The study aims to examine whether the investigators can predict, on the level of individual participants who have symptoms of depression, who will benefit more from self-help tools based on principles of behavioral activation vs. cognitive restructuring, in terms of a greater decrease of self-reported symptoms. The investigators use a combination of self-reported clinical information and behavior on learning and decision-making tasks to predict change in symptom scores.

Detailed Description

Background:

Cognitive-Behavioral Therapy (CBT) is a learning-based psychotherapy treatment that has been established as effective treatment for depression. It consists of two core interventions: cognitive restructuring (CR) and behavioral activation (BA). In recent years, internet-delivered CBT (iCBT) has been developed, which allows for dissemination of standardized, evidence-based, CBT treatments at scale.

Virtually all psychotherapy methods aim to teach clients something new: new behavioral or thought patterns, new responses to triggers and situations, and/or new emotional reactions. As such, learning-based psychotherapies modify targeted brain circuits to the extent that these circuits show flexibility and are amenable to change through learning. The human brain has several learning circuits/mechanisms that work in parallel. Different people will have more flexibility and learn more effectively through some learning mechanisms and not others. Because different psychotherapy methods (e.g., BA and CR) rely on different types of learning, the investigators hypothesize that by characterizing what learning mechanisms are most available and efficient for each person, will allow us to predict what intervention method will be most effective for that person.

The goal of this study is to test if people's individual learning propensities can predict what type of intervention will benefit them more.

Detailed study design:

In a fully online study, the investigators deploy several behavioral tasks to assess individual differences in learning and decision-making processes. Participants then get access to an internet-based self-help tool for depression that is based on CBT principles, and are asked to undergo either the BA modules or the CR modules (random assignment; 5 weeks of 1-hour session per week). The investigators follow up on symptoms at the middle of the period of use of the self-help tool (at this point, some behavioral tasks are repeated as well), at the end of this period, and at different times up to a year after finishing use of the self-help tool.

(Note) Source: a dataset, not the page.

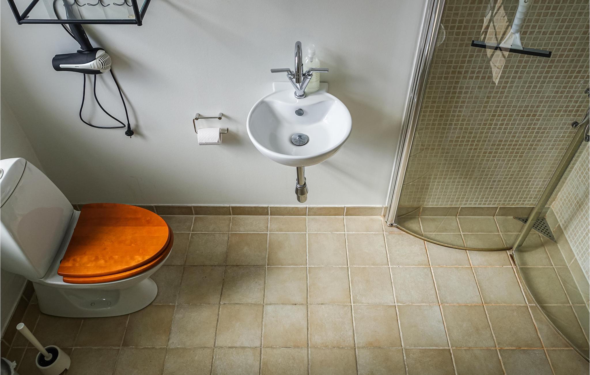 Badkamer (nr. 1) - Toilet: warm en koud water. Douche

Participants are recruited online via advertisement, for instance on social media. After checking eligibility and obtaining consent online, participants are randomized to be part of the discovery or validation dataset (the investigators will not analyze the validation dataset until all analyses are pre-registered). Participants are then asked to fill out a range of symptom self-report questionnaires and complete a series of behavioral tasks. They are then randomized to either a cognitive restructuring group or behavioral activation group. All participants are then given access to e-couch, a validated self-help tool. In the first week, all participants complete the depression information submodule from the depression program. Over the following four weeks, participants in the cognitive restructuring group complete submodules on cognitive restructuring and participants in the behavioral activation group complete submodules on behavioral activation and physical activity. After that period, participants are free to engage with any of the other modules e-couch offers. Participants are additionally asked to fill out symptom self-report questionnaires 1,3,5,12,24 and 48 weeks after the start of e-couch engagement, and to repeat a subset of the behavioral tasks 3 weeks after the start of e-couch engagement.

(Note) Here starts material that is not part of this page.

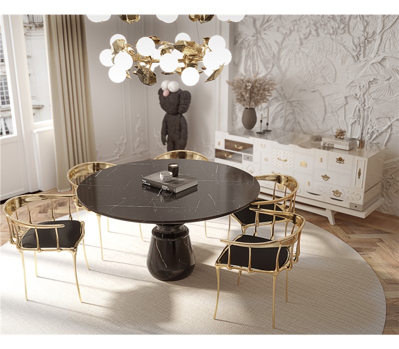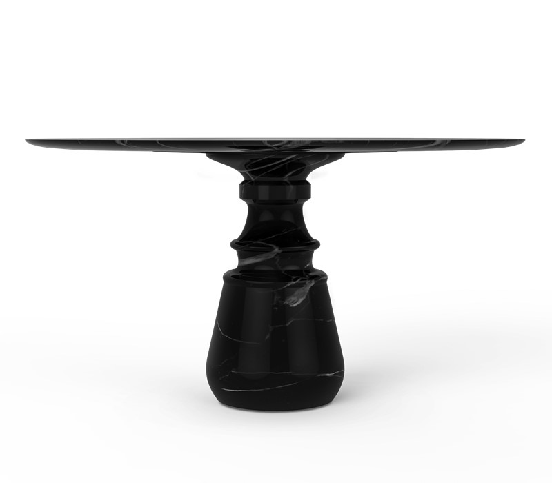 Playing with function and sculptural form, Pietra dining table shapes a timeless experience through its classical aura and finest Nero Marquina black marble. Reminding the renaissance era, its round top gently lies in one robust marble column, conceived from a solid block hand-sculpted and turned to create different details for additional texture. A noble material carved in Boca do Lobo workshops, conceiving a statement black table ideal for a grand entryway, elegant dining rooms or other open settings. Ideal as a four-seater table, the contemporary feel of Pietra is effortlessly stylish and it is suitable for indoor or outdoor use.

All interaction with participants is conducted online via email (and possibly via zoom to verify identity or technical advice) and online-administered tasks, questionnaires and the self-help tool. The investigators do not offer any medical advice and forward participants to appropriate sources of support (e.g., hotlines) if needed.

Quality assurance plan:

All data are collected online through our in-house custom-built software. The code for the assessments has been reviewed and data quality has been checked prior to study start. The code is backed up on a secure server and the investigators can make the code available for review to relevant authorities.

Data checks:

The investigators use a range of attention checks throughout the study to exclude data from inattentive participants or participants who respond randomly.

Statistical analysis plan:

Note, the goal of this study is not to assess how much the self-help tools affect symptoms on average. This has been examined previously (and will only be verified in this dataset). The primary goal of this study is to develop a tool that predicts for a new individual (whose data was not part of the tool development, i.e. out-of-sample) what interventions they may benefit more from.

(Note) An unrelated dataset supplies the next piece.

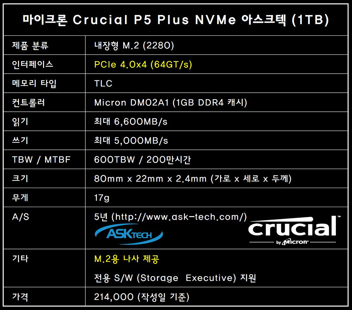 요즘 SSD 시장에서 가장 핫(Hot)한 주제는 PCIe 4.0 제품들입니다. 각 브랜드마다 꽤나 다양한 신제품들을 출시하고 있으며 특히나 PS5의 펌웨어 업데이트로 인해 PCIe 4.0을 지원하는 SSD의 수요 역시 빠르게 늘어나고 있습니다. 이번 시간에 소개하는 마이크론의 P5 Plus SSD 역시 PCIe 4.0을 지원하는 제품으로 데스크탑이나 노트북은 물론 PS5에서도 사용할 수 있는 빠른 속도를 가지고 있습니다.

When consenting, participants are assigned to a discovery or a validation dataset. After completing analyses on the discovery dataset, the investigators will pre-register a detailed statistical analysis plan and apply that to the validation dataset to confirm and verify any findings. Below is the general approach to analyzing the discovery data:

Step 1) Compute scores for the self-report scales in line with the literature and fit computational models to data from the behavioral task to retrieve individual model parameters that best explain behavior the behavior from each participant.

Step 2) Use prediction models, e.g. elastic nets, to predict from the above parameters and scores, symptom scores (in particular, for depression and anhedonia) from each participant at the end of the engagement with the self-help tool and during follow ups, and/or improvement of symptom scores from before to after the engagement with the self-help tool.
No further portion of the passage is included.